● **WHAT IS BEING ASKED**: Take the line containing "やわらかなアイボリーの革紐に、" and every line after it to the end of the material below; reproduce them exactly, without pictures.

** RECORDS SHOWN follows **

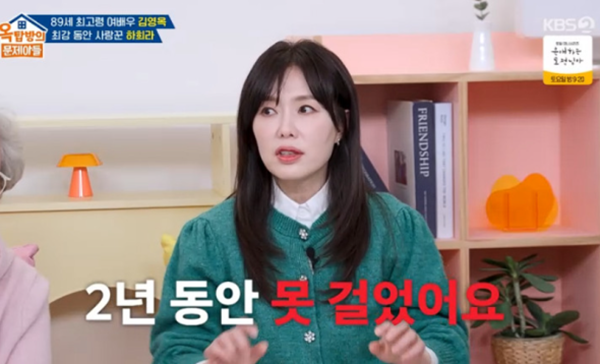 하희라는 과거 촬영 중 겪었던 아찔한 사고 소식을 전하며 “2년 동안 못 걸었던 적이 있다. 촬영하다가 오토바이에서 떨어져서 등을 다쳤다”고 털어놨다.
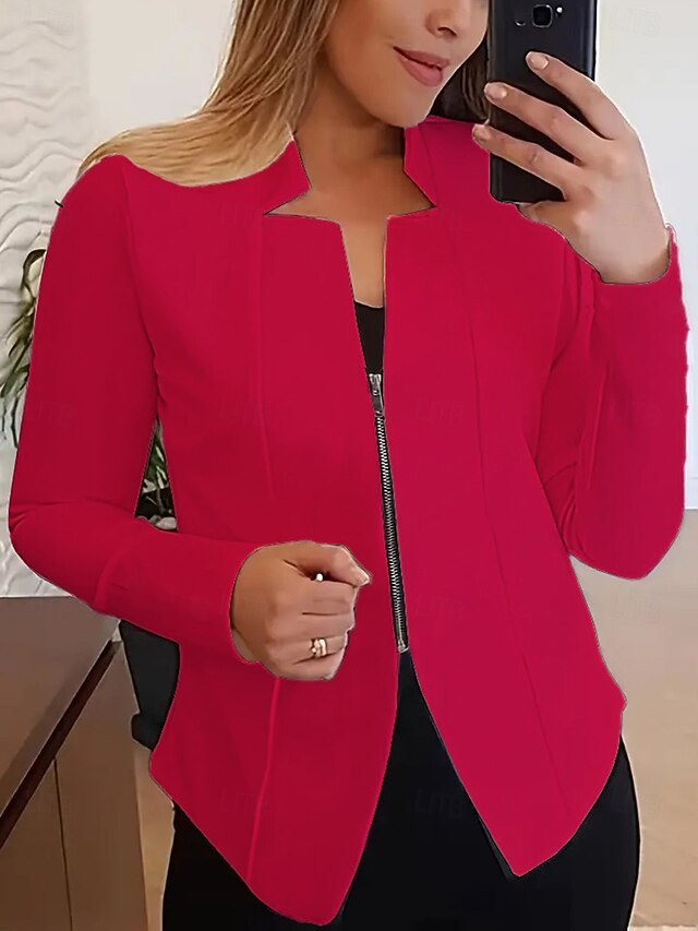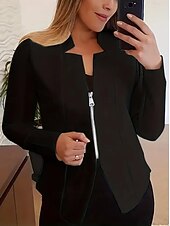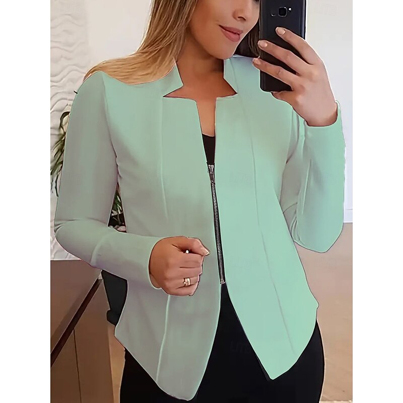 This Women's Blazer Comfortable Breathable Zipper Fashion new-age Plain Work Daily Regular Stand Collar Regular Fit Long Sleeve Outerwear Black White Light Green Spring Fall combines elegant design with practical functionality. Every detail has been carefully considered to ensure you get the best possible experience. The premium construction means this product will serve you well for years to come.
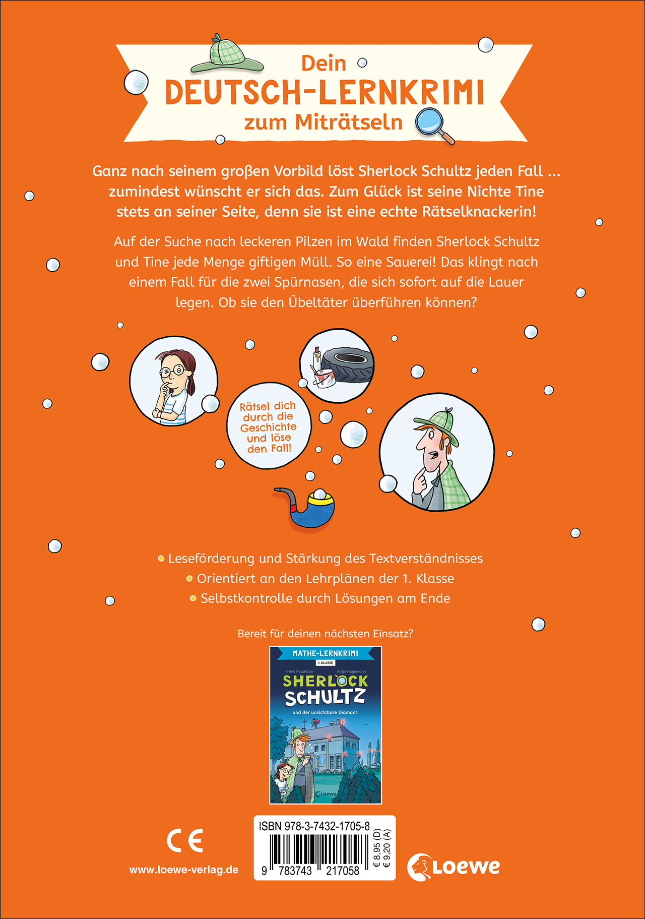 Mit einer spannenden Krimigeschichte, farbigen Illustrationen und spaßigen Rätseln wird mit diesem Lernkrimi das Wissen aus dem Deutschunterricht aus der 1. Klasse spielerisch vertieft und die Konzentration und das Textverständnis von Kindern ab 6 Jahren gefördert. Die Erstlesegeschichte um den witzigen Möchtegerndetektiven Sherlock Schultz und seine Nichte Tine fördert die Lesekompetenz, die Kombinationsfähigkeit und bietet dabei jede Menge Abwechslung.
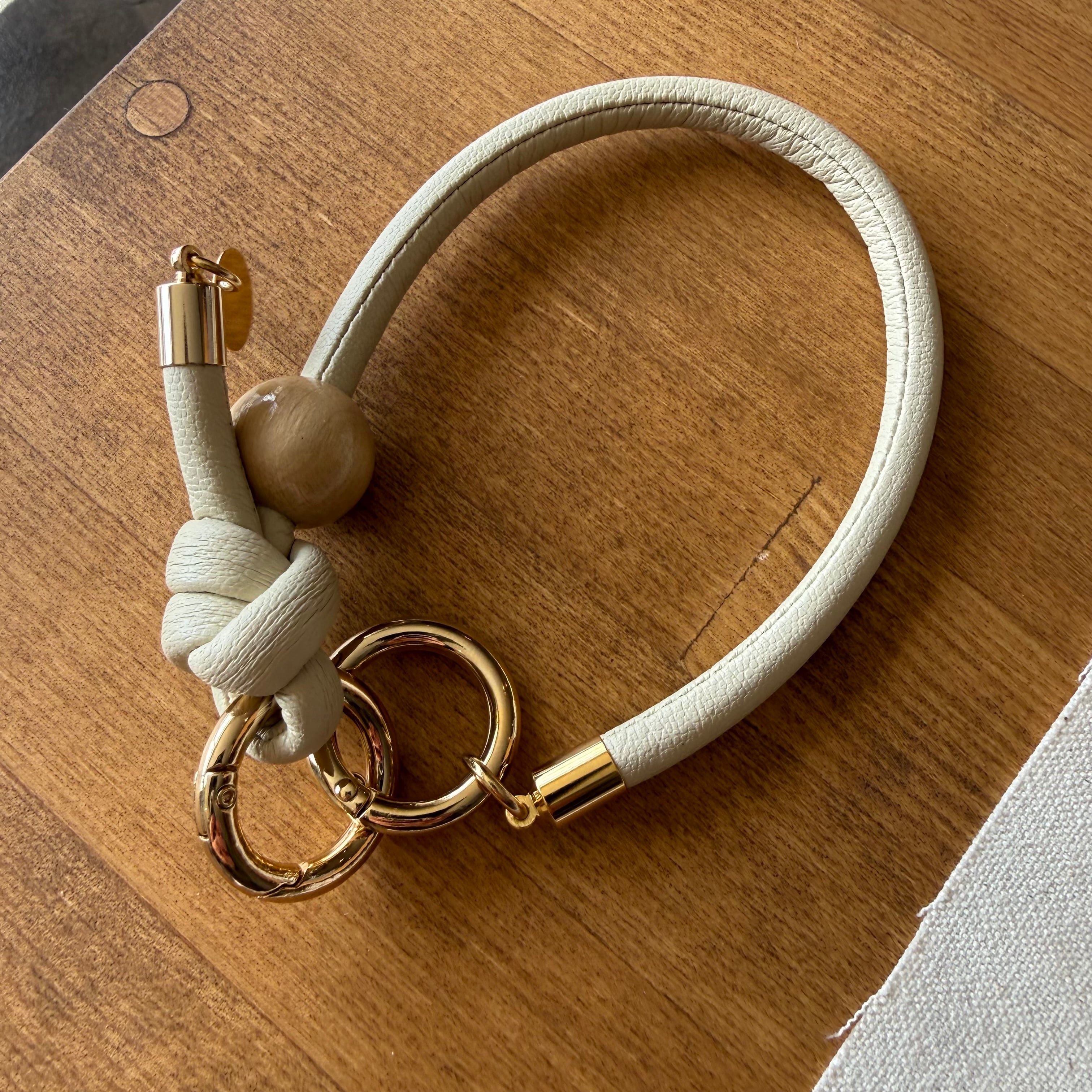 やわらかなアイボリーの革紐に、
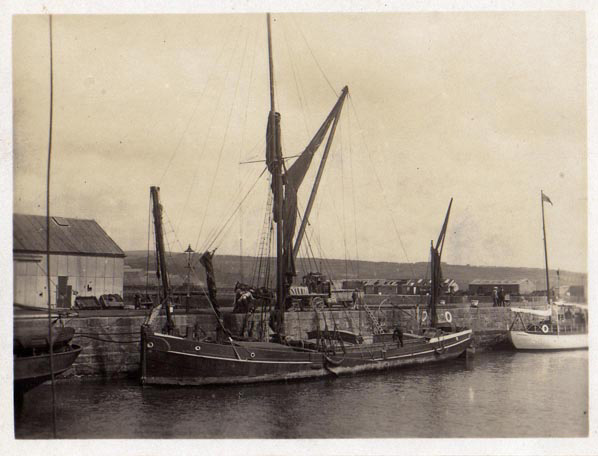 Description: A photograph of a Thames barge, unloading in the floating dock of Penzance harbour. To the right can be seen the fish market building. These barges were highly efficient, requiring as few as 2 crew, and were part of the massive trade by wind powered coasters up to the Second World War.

** End of RECORDS SHOWN **

● **YOUR RESPONSE**:
 やわらかなアイボリーの革紐に、
 Description: A photograph of a Thames barge, unloading in the floating dock of Penzance harbour. To the right can be seen the fish market building. These barges were highly efficient, requiring as few as 2 crew, and were part of the massive trade by wind powered coasters up to the Second World War.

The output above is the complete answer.